> _Records provided_

----------------

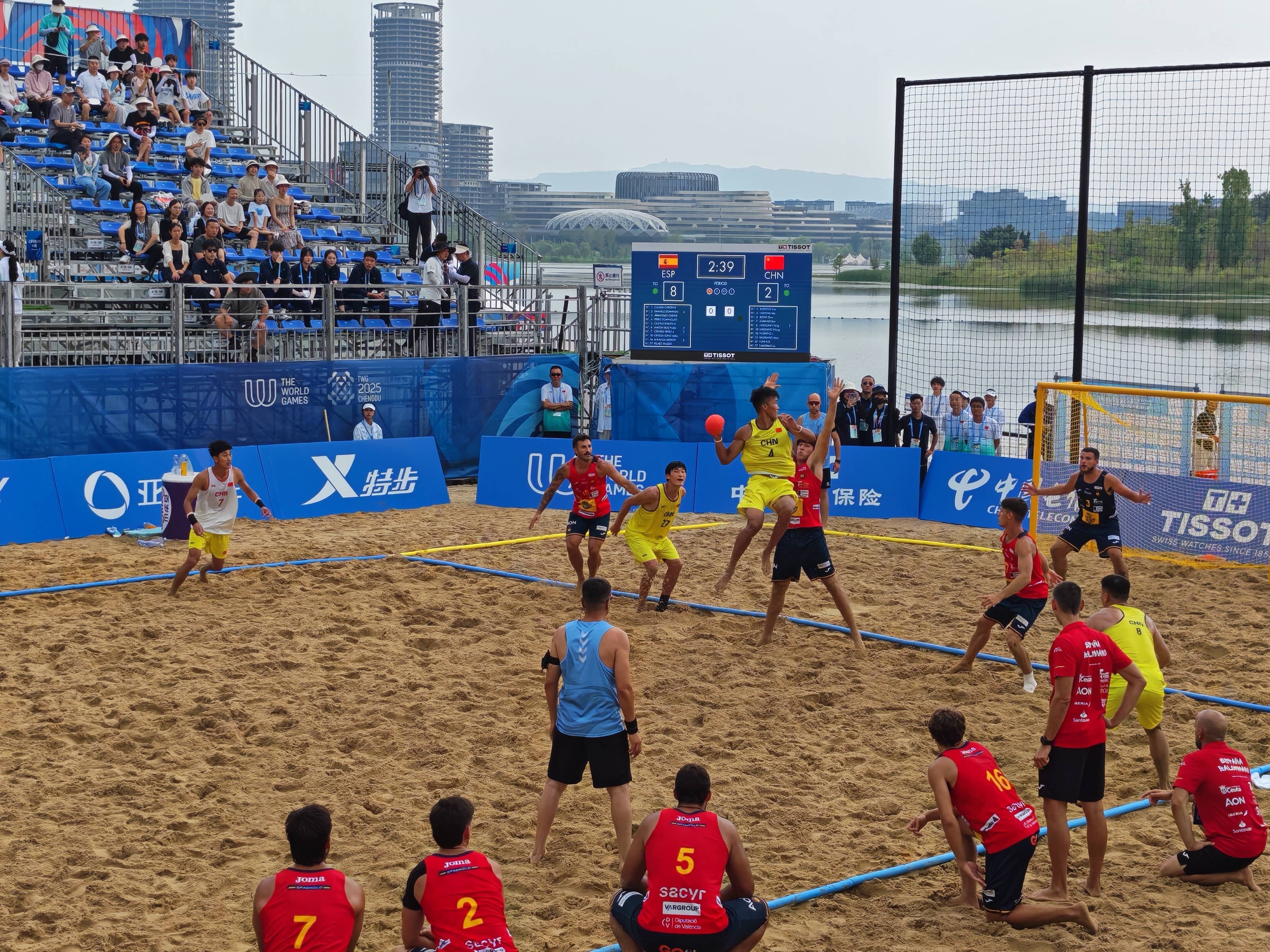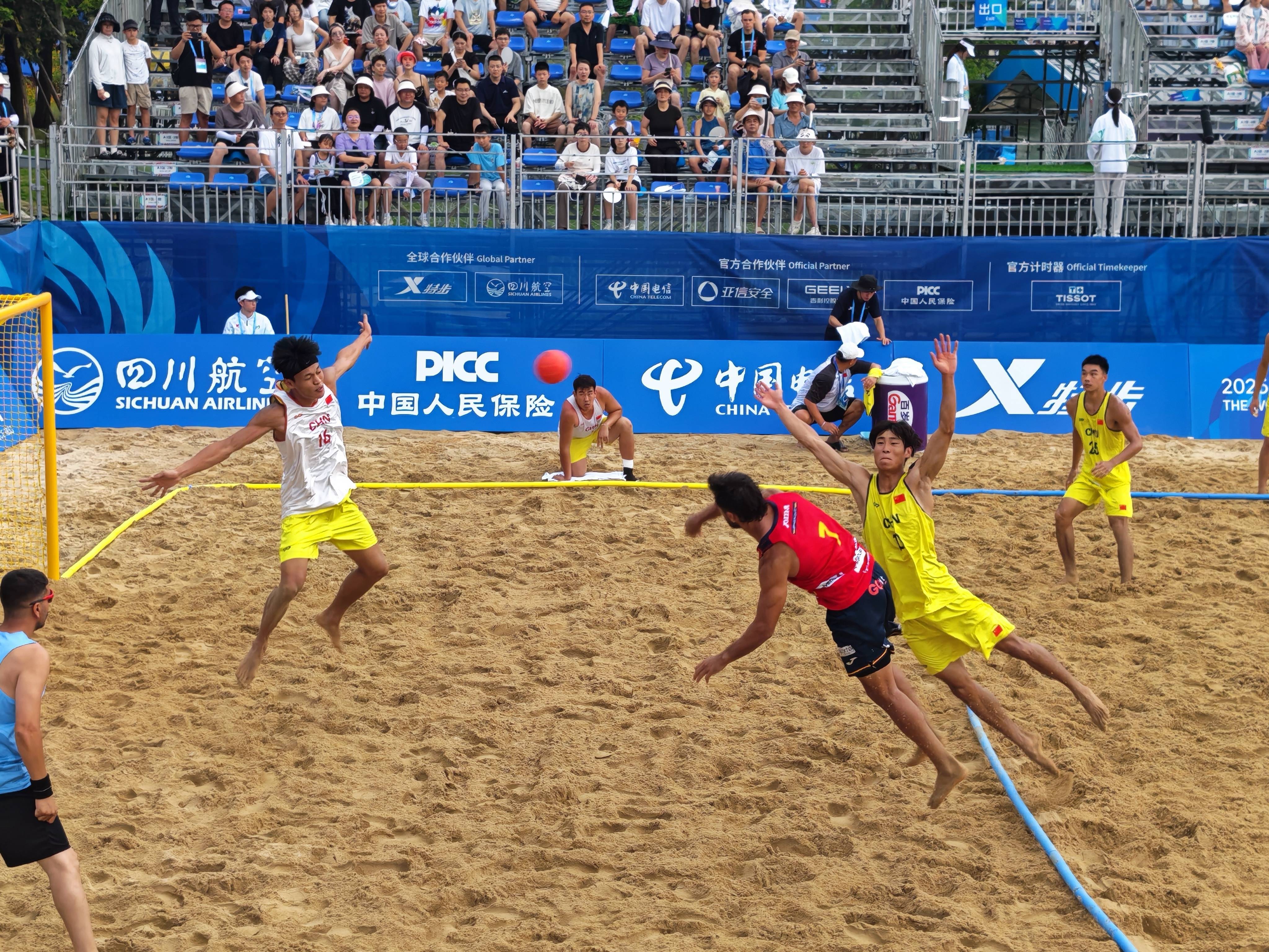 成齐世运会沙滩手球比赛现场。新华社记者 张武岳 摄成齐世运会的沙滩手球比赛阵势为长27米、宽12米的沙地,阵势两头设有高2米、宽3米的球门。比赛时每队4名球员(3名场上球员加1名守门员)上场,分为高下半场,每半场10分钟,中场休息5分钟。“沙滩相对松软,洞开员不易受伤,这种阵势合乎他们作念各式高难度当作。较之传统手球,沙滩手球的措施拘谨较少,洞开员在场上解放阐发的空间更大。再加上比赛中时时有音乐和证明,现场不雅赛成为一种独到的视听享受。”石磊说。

----------------

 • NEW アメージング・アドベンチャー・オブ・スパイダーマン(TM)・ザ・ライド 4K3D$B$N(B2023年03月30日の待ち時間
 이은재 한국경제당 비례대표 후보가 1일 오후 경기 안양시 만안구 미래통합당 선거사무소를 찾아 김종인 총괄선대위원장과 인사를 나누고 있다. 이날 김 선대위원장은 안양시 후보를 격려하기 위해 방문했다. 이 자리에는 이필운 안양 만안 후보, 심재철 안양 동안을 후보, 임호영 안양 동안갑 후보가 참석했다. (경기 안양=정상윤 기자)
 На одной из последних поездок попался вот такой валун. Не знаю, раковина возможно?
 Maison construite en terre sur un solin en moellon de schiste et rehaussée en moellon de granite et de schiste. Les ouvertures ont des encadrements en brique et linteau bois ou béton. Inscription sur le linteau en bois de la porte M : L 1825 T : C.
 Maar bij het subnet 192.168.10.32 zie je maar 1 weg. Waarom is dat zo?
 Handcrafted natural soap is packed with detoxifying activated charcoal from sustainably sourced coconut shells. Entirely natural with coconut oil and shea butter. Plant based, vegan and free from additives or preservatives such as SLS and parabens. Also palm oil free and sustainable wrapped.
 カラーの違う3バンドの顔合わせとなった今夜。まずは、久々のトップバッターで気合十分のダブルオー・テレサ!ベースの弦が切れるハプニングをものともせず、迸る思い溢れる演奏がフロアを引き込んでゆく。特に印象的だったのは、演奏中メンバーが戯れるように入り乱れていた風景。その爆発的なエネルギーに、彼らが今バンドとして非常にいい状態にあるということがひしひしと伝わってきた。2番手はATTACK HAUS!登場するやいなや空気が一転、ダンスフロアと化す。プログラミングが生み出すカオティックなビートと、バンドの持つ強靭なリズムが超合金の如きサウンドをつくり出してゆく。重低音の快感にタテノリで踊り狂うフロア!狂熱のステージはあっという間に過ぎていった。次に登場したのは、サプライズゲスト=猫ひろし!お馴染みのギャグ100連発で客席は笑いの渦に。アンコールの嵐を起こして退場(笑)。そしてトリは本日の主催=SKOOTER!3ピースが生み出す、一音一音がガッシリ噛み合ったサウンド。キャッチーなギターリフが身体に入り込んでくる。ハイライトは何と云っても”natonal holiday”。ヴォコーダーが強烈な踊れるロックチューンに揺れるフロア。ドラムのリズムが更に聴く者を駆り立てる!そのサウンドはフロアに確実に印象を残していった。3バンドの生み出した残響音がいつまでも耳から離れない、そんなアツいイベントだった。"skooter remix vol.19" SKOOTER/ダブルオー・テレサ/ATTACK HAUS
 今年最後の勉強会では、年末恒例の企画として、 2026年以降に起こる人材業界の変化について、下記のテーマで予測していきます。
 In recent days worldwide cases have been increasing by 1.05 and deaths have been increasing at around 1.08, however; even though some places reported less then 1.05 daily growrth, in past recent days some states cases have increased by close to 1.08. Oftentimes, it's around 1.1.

----------------

> _Directions for this task_
Give back, unchanged, the run of lines in the listing above that begins at the line containing "Maar bij het" and ends at the line containing "Handcrafted natural soap", both included.

> _Solution_
 Maar bij het subnet 192.168.10.32 zie je maar 1 weg. Waarom is dat zo?
 Handcrafted natural soap is packed with detoxifying activated charcoal from sustainably sourced coconut shells. Entirely natural with coconut oil and shea butter. Plant based, vegan and free from additives or preservatives such as SLS and parabens. Also palm oil free and sustainable wrapped.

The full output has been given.